Download spark-csv to your .m2 directiory, then use spark-shell --packages com.databricks:spark-csv_2.11:1.4.0

下载spark-csv到.m2目录,然后使用spark-shell -packages com.databricks:spark-csv_2.11:1.4.0

If you can't download spark-csv directly, download it in other system and the copy all .m2 directory to your computer.

如果不能直接下载spark-csv,请在其他系统中下载,并将所有.m2目录复制到您的计算机中。

#3


0  

Instead of using sqlContext.read, I used the following code to turn my .csv file into a dataframe. Suppose the .csv file has 5 columns as follow:

而不是使用sqlContext。我使用以下代码将.csv文件转换为dataframe。假设.csv文件有以下5列:

case class Flight(arrDelay: Int, depDelay: Int, origin: String, dest: String, distance: Int)

Then:

然后:

val flights=sc.textFile("2008.csv").map(_.split(",")).map(p => Flight(p(0).trim.toInt, p(1).trim.toInt, p(2)
, p(3), p(4).trim.toInt)).toDF()

#4


0  

Milad Khajavi saved the day for me.
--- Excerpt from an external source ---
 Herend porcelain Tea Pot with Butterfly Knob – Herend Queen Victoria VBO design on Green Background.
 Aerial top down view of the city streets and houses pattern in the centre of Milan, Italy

After days of battling with getting spark-csv to work on a cluster where there is no internet access, I finally took his idea, downloaded the package on a VM. Then I copied .ivy2 directory from the VM to other cluster. Now its working without any issues.
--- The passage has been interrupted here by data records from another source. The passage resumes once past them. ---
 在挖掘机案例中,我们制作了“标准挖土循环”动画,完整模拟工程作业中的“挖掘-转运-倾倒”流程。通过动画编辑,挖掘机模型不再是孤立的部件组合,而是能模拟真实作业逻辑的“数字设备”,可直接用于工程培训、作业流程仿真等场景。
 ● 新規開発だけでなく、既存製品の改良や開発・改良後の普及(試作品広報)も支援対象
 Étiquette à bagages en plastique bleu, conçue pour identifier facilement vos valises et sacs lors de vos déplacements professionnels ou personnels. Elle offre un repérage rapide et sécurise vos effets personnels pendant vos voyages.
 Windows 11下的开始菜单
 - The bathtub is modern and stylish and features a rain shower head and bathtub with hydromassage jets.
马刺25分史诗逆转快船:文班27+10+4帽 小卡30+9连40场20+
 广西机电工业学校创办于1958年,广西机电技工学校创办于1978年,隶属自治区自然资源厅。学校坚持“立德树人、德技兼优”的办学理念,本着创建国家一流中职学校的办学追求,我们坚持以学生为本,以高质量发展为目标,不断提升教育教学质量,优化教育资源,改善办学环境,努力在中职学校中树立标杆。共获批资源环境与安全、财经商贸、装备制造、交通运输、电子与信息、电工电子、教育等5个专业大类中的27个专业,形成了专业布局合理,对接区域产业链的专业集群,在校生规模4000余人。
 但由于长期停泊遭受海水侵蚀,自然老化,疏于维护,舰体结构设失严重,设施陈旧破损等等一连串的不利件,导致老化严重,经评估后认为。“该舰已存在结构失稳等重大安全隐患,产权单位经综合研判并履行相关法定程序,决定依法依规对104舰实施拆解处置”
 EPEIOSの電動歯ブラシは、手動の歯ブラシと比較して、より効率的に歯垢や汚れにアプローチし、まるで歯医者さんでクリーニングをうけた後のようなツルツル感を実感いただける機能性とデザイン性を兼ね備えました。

Milad Khajavi为我保留了这一天。经过几天的努力,我终于接受了他的想法,在VM上下载了这个包。然后我将.ivy2目录从VM复制到其他集群。现在它的工作没有任何问题。

Download spark-csv to your .m2 directiory, then use spark-shell --packages com.databricks:spark-csv_2.11:1.4.0

下载spark-csv到.m2目录,然后使用spark-shell -packages com.databricks:spark-csv_2.11:1.4.0

If you can't download spark-csv directly, download it in other system and the copy all .m2 directory to your computer.

如果不能直接下载spark-csv,请在其他系统中下载,并将所有.m2目录复制到您的计算机中。